Everyone is Mr. Irrelevant

Written by TheAdversary on September 13th, 2013

So the Suckleague draft took place online last week via email. Riveting. The only thing we have going for us is that the players we want will be available when we’re ready to draft. Also we had available to us a fine selection of fonts–but not too much choice as to be overwhelming. Though I would have appreciated a little Garamond Bold.

May I say that an email draft is something special to take part in sometime in your life–put it on your 100,000,000 things to do before you die list, somewhere around 99,999,998. Just before the “watch Mark Sanchez butt fumble 2 video” and “clean Andy Reid’s navel.”

Round 1. Geno Smith.
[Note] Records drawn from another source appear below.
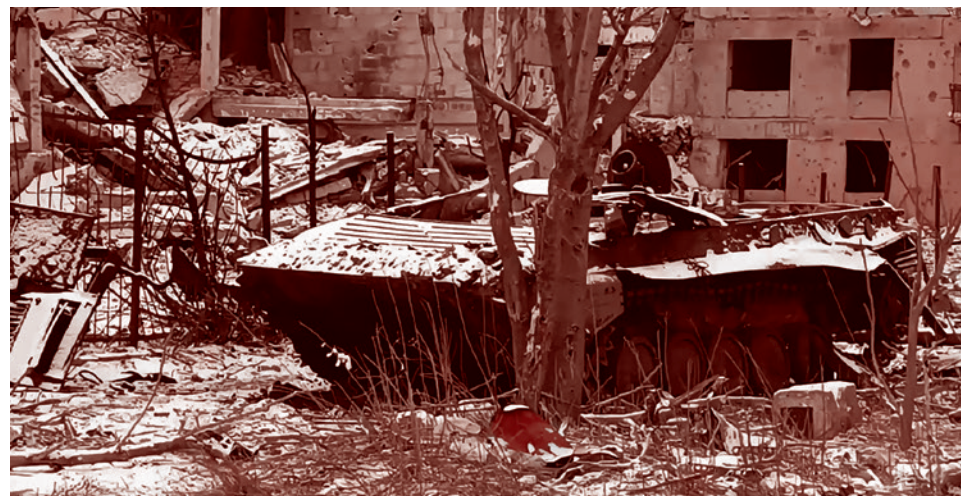
Уничтоженная техника в Авдеевке. Февраль 2024

А вот усилия Вашингтона для скорейшего окончания войны «предоставят Украине лучшие возможности для сдерживания будущего российского вторжения».
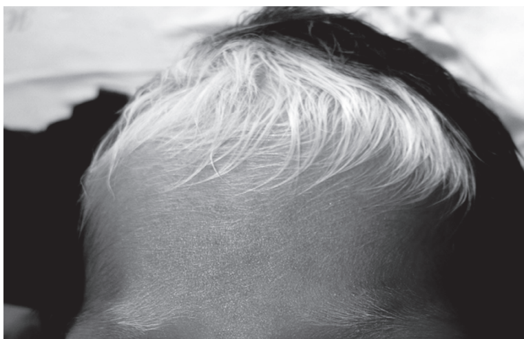
Figura 3. Se observa el compromiso de la región medial de los supercilios
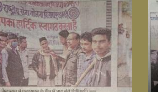
बिलासपुर में एनएसएस के कैंप में भाग लेते शिदिवरार्थी। संवाद
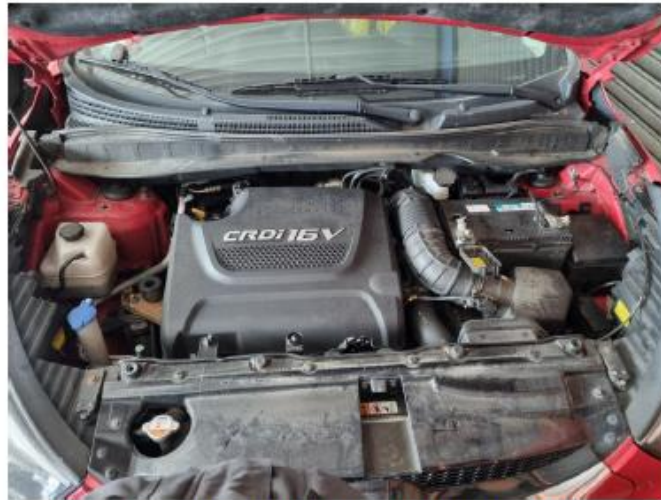
Bild 10 - zeigt Motorraum des beschriebenen Fahrzeuges.
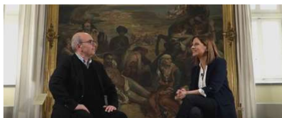
Συνέντευξη, Καθηγητής Αριστέιδης Χατζής, Εκπομπή «Μεγάλη Εικόνα», Mega.

• Ο Καθηγητής του ΙΦΕ Αριστέιδης Χατζής μίλησε στην εκπομπή του Mega «Μεγάλη Εικόνα» και την κ. Νίκη Λυμπεράκη με αφορμή την Εθνική Επέτειο της 25ης Μαρτίου 1821. Απαρχή της συζήτησής τους στάθηκε ο τίτλος του βιβλίου του Καθηγητή κ. Χατζή για την Ελληνική Επανάσταση
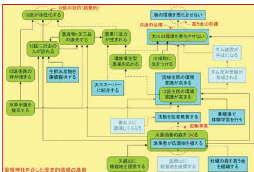
図-1 PCM 法で描いた慕う会と 12 区の連携の仕組み (2005 年時点)

今回、Win-Win の可能性を系図で検証した結果、連携の仕組みや条件が分析できました。今後、事例を増やし、連携の必要性に係わる環境変化や連携の結果生じた利益の分配に不均衡が生じたときの対応などにも着目して分析を重ねたいと思います。方法論としても、既にある連携の分析だけでなく、新しい連携の可能性を探る手法に発展させたいと考えています。

There’s no way that the guy that probably could not beat out the Sanchize for a starting NFL job (see several previous posts; see also any google result set for “butt fumble”) would have a good week against the supposedly stout Tampa Bay Buccaneers defense. However, no one told me that the Bucs would bring back their defense from the 1980s that lost 5,409 games in a row–leading Geno to post a decent week, which anyone could have done by going out there and breathing.
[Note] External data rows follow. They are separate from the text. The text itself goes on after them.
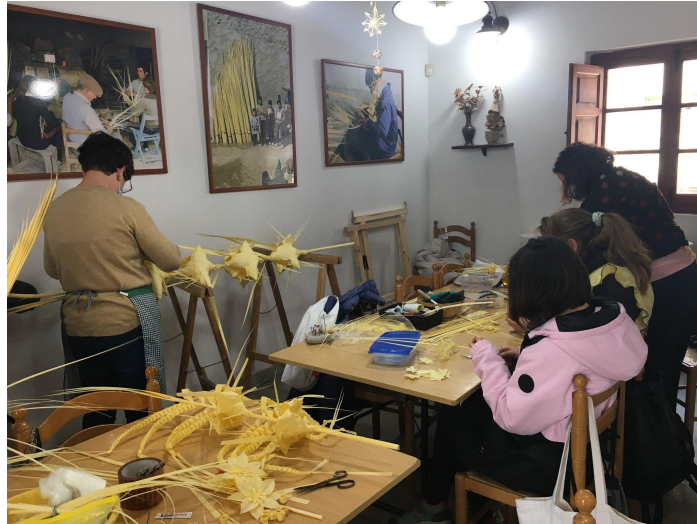
Instalaciones del taller municipal de Palma Blanca.

Junto a la monitora, la mayoría de alumnos destacan que en el taller hay un gran compañerismo y lo pasan muy bien aprendiendo esta artesanía. Los alumnos no van con la intención de dedicarse profesionalmente a la palma, sino que lo hacen porque les gusta y quieren aprender cosas nuevas. Todos valoran positivamente el concurso municipal de palma blanca, ya que presentan los trabajos con mucha ilusión sabiendo que el resto de la ciudadanía los va a poder ver y, encima, tienen la oportunidad de ser uno de los ganadores que se lleve uno de los premios económicos que se dan.
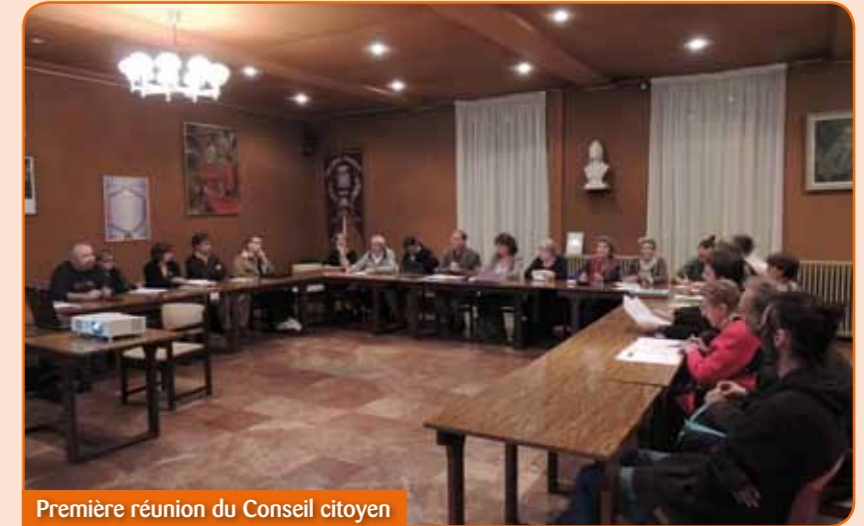
Première réunion du Conseil citoyen

A Saint-Girons, le Conseil citoyen s'est réuni le 24 novembre et a décidé de nommer des représentants qui participeront aux instances de pilotage du Contrat de Ville, de façon à être tenus informés de l'évolution des affaires municipales et faire
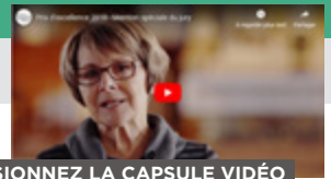
VISIONNEZ LA CAPSULE VIDÉO
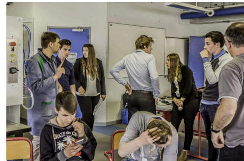
Beaucoup de discussions au sujet de la ligne de tri

Round 2. Buffalo Bills defense: some injuries and a matchup against the supposedly high-powered New England offense spells trouble (mondo points). But NE looks anemic and they’ve got all these 3-year-old receivers more concerned with their toy trucks and diaper changes than actually CATCHING the ball. So Buffalo did ok too. We’re going to have to make some changes around here–these performances are just too good. Our fan demands more (futility).
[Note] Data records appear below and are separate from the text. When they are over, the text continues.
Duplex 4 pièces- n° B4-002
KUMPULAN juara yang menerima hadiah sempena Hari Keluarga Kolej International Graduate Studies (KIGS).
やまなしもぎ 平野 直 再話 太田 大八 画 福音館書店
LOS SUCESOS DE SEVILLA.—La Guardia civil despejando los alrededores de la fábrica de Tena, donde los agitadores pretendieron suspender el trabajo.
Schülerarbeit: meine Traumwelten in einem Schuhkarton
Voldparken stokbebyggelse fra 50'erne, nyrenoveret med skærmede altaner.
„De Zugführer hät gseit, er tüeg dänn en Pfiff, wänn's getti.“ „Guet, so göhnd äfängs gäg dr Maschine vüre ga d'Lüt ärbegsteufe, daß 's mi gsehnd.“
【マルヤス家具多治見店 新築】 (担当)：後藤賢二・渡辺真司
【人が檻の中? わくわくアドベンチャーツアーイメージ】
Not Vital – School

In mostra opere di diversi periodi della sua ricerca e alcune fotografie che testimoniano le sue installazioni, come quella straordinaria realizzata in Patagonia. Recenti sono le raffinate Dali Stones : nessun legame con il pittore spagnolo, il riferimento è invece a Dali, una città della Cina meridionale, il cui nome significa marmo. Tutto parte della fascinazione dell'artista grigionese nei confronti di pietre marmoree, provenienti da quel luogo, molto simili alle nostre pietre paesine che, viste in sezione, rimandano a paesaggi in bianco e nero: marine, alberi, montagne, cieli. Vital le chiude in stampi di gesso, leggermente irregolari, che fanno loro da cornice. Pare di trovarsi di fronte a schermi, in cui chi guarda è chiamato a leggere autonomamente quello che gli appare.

The Adversary’s Adversary’s draft: Terrelle Pryor and the Oakland Raiders. I have to admit I’m fearful of the disaster potential residing in my opponent’s roster–going all-in with the Oakland Raiders is a bold, albeit completely logical, move because they are so amazing(ly terrible). Plus, owning an Oakland Raiders tie is on my bucket list, although I think if I actually wore it to work I’d be fired before I reached my desk.

On to Week 2, where I inexplicably dropped Geno in favor of Christian Ponder. I felt OK about it until the 4th quarter of Thursday night’s game when Geno threw 3 interceptions. Poppycock.

One thing left to do is come up with a name. I’m still thinking.